Such an institution the South of to-day sorely needs. She
has religion, earnest, bigoted:--religion that on both sides the
Veil often omits the sixth, seventh, and eighth commandments,
but substitutes a dozen supplementary ones. She has,
as Atlanta shows, growing thrift and love of toil; but she
lacks that broad knowledge of what the world knows and
knew of human living and doing, which she may apply to the
thousand problems of real life to-day confronting her. The
need of the South is knowledge and culture,--not in dainty
limited quantity, as before the war, but in broad busy abundance
in the world of work; and until she has this, not all the
Apples of Hesperides, be they golden and bejewelled, can
save her from the curse of the Boeotian lovers.

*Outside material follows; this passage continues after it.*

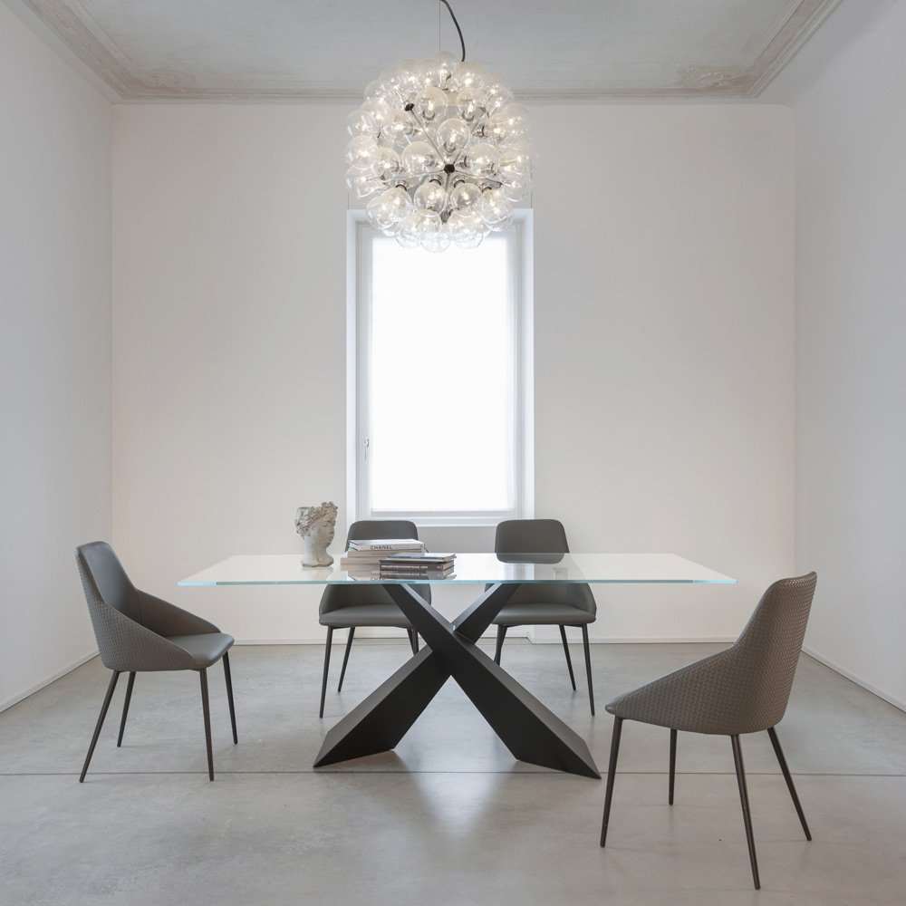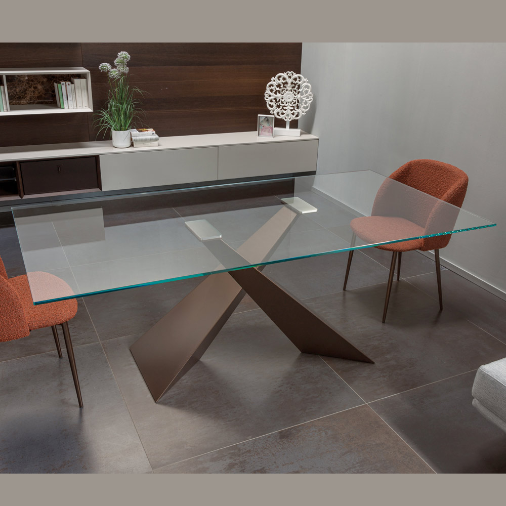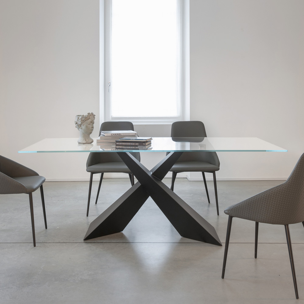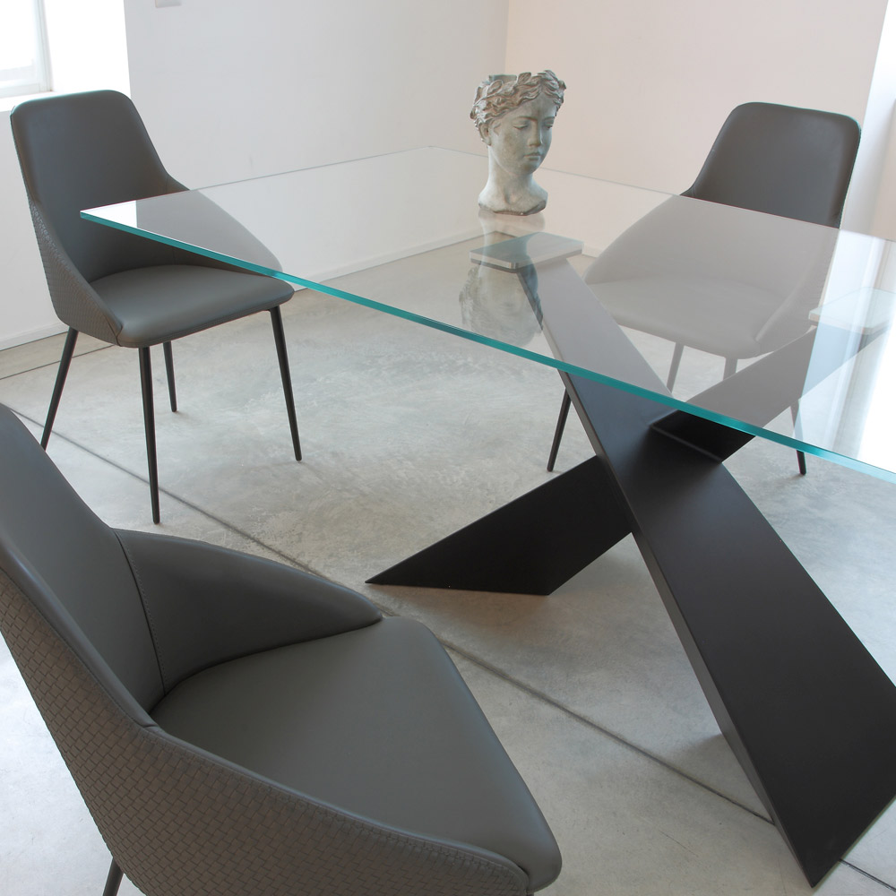 O protagonista absoluto é a base cruzada em metal pintado , com um design geométrico e dinâmico. As linhas marcantes criam um efeito escultural e arquitetônico , transformando a mesa em um verdadeiro elemento de decoração.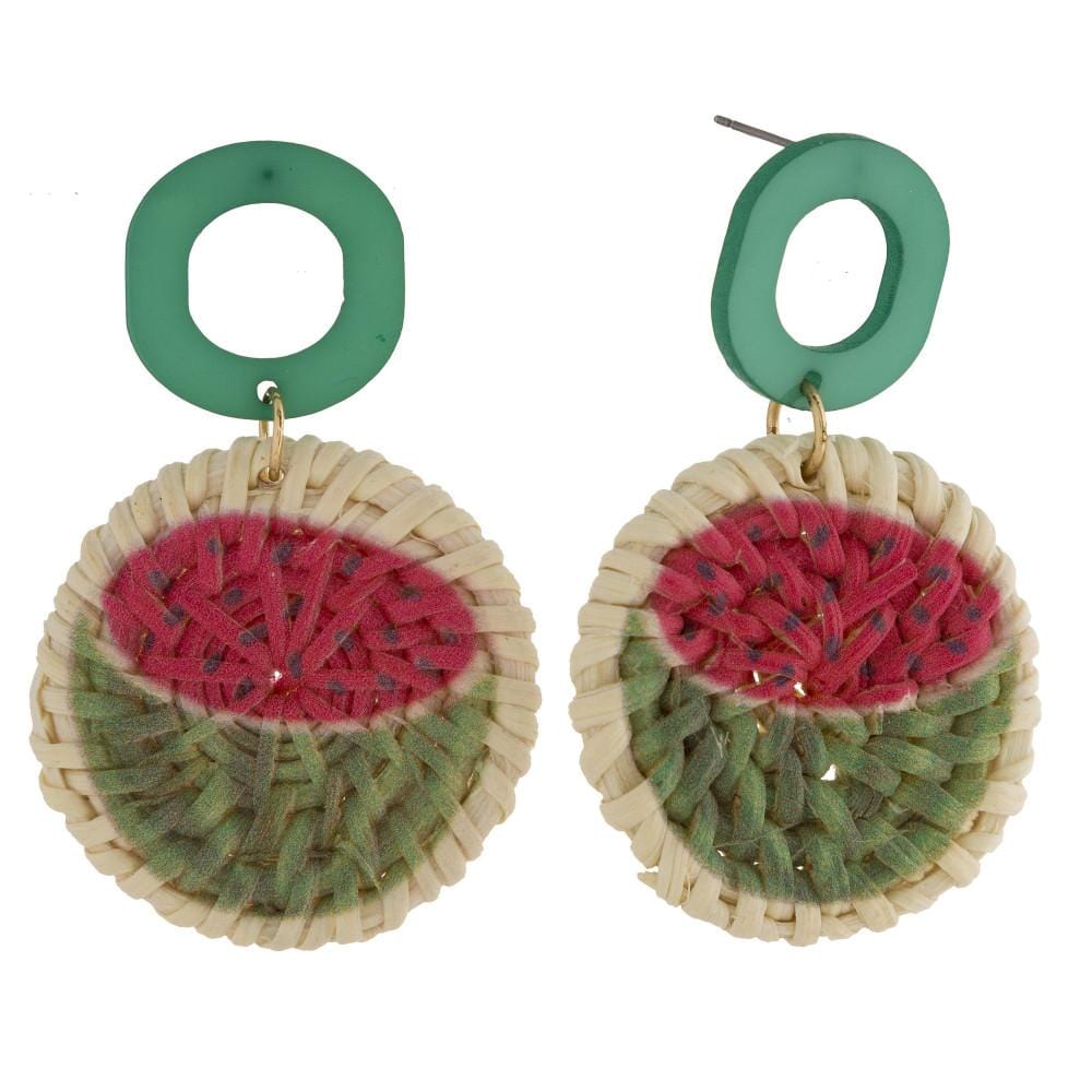 Long woven raffia earrings with acetate post and watermelon fruit print. Approximately 2" in length.

The Wings of Atalanta are the coming universities of the
South. They alone can bear the maiden past the temptation of
golden fruit. They will not guide her flying feet away from
the cotton and gold; for--ah, thoughtful Hippomenes!--do
not the apples lie in the very Way of Life? But they will
guide her over and beyond them, and leave her kneeling in
the Sanctuary of Truth and Freedom and broad Humanity,
virgin and undefiled. Sadly did the Old South err in human
education, despising the education of the masses, and nig-gardly
in the support of colleges. Her ancient university
foundations dwindled and withered under the foul breath of
slavery; and even since the war they have fought a failing
fight for life in the tainted air of social unrest and commercial
selfishness, stunted by the death of criticism, and starving for
lack of broadly cultured men. And if this is the white South's
need and danger, how much heavier the danger and need of
the freedmen's sons! how pressing here the need of broad
ideals and true culture, the conservation of soul from sordid
aims and petty passions! Let us build the Southern university--
William and Mary, Trinity, Georgia, Texas, Tulane, Vanderbilt,
and the others--fit to live; let us build, too, the Negro
universities:--Fisk, whose foundation was ever broad; Howard,
at the heart of the Nation; Atlanta at Atlanta, whose ideal
of scholarship has been held above the temptation of numbers.
Why not here, and perhaps elsewhere, plant deeply and for
all time centres of learning and living, colleges that yearly
would send into the life of the South a few white men and a
few black men of broad culture, catholic tolerance, and trained
ability, joining their hands to other hands, and giving to this
squabble of the Races a decent and dignified peace?